Sometimes this shows up as negative numbers:
"No teams are writing tests" = "8 teams aren't writing tests" -> "7 Teams aren't writing tests" = "1 team started writing tests"


The Point is... if you start making a habit of looking for numbers in your stories and processes you will see them everywhere and then they are easier to reduce.

Monday, January 5, 2015

Women in Tech & Men in Zumba

I have been a long time supporter of women in tech but today I realized how little I truly understand their situation.

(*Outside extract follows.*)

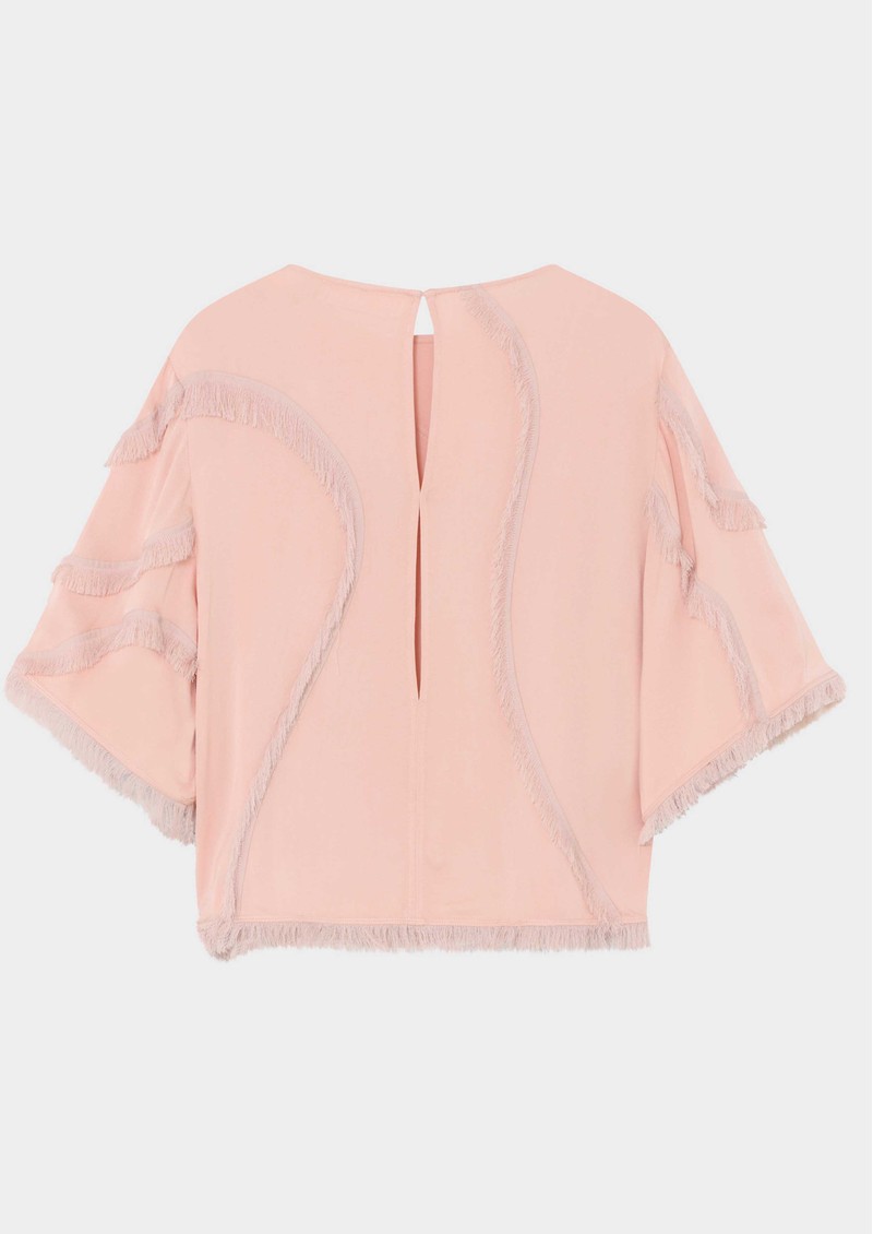 The Day Birger Et Mikkelsen Tatiana Matte Crepe Viscose Top in Rose Smoke Hue combines contemporary style with subtle texture, featuring a relaxed boxy fit, dropped shoulders, and eye-catching fringe detailing for a modern, chic finish.
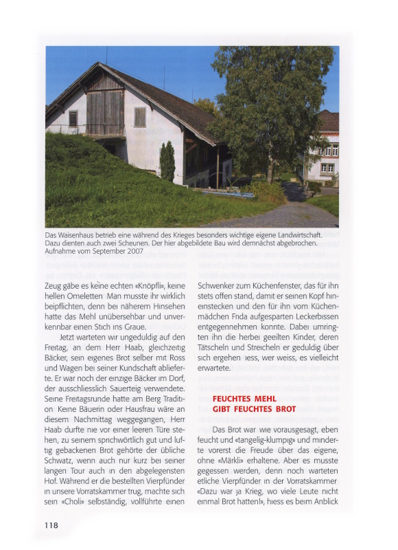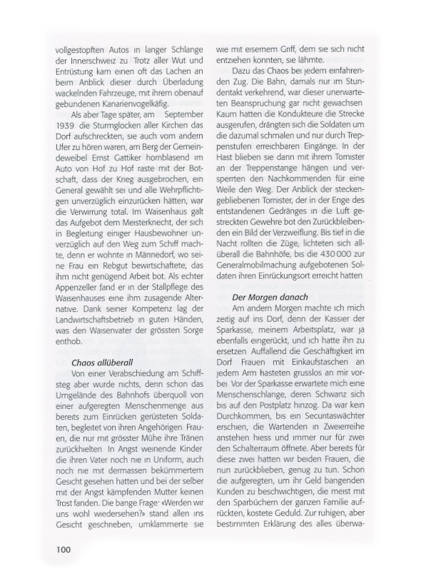 Als aber Tage später, am 1. September 1939, die Sturmglocken aller Kirchen das Dorf aufschreckten, sie auch vom andern Ufer zu hören waren, am Berg der Gemeindeweibel Ernst Gattiker hornblasend im Auto von Hof zu Hof raste mit der Botschaft, dass der Krieg ausgebrochen, ein General gewählt sei und alle Wehrpflichtigen unverzüglich einzurücken hätten, war die Verwirrung total. Im Waisenhaus galt das Aufgebot dem Meisterknecht, der sich in Begleitung einiger Hausbewohner unverzüglich auf den Weg zum Schiff machte, denn er wohnte in Männedorf, wo seine Frau ein Rebgut bewirtschaftete, das ihm nicht genügend Arbeit bot. Als echter Appenzeller fand er in der Stallpflege des Waisenhauses eine ihm zusagende Alternative. Dank seiner Kompetenz lag der Landwirtschaftsbetrieb in guten Händen, was den Waisenvater der grössten Sorge enthob.

Today my girlfriend brought me along to a Zumba Gold class. This is a easier version of zumba and often is frequented by older (60+) women. We were the youngest there by far.


I was the only man.

I'm a good dancer. Proficient in swing, salsa, cumbia & merengue which is basically what Zumba is. Youth is also an advantage in most physical activity. This should be very easy for me. Also, everyone was both very nice, complementary and welcoming. 

I was the only man.

I felt very uncomfortable. I would not have been there if not with my girlfriend and can't imagine going there by myself. I wouldn't say that I enjoyed it. I wouldn't say that it was "my thing". I wish I could have turned invisible many times. But that was not the worst thing.

The worst thing was I had absolutely no idea what to do to make the situation more comfortable. Here I was, with all the self interest in the world to want to make things easier and no idea at all how to do it. 

I did gain some clear insight into what I did NOT want:
  • please, oh god please, do not single me out or call more attention to me
  • I felt very uncomfortable when people would come over to give me compliments
  • I did not enjoy the particularly extra girly dance moves
This makes me question some of the things I would do in regards to women in tech. Such as 
  • Make sure the women are recognized
  • Compliment women when they do good 
  • Anything remotely 'brogrammer' related (the mere thought of this now makes me cringe)

As uncomfortable as it was being the only man in zumba today, it was one day. It's not like it's my career... 

I can only imagine how many girls we lose the first few days of a programming class when they just feel like they don't fit in.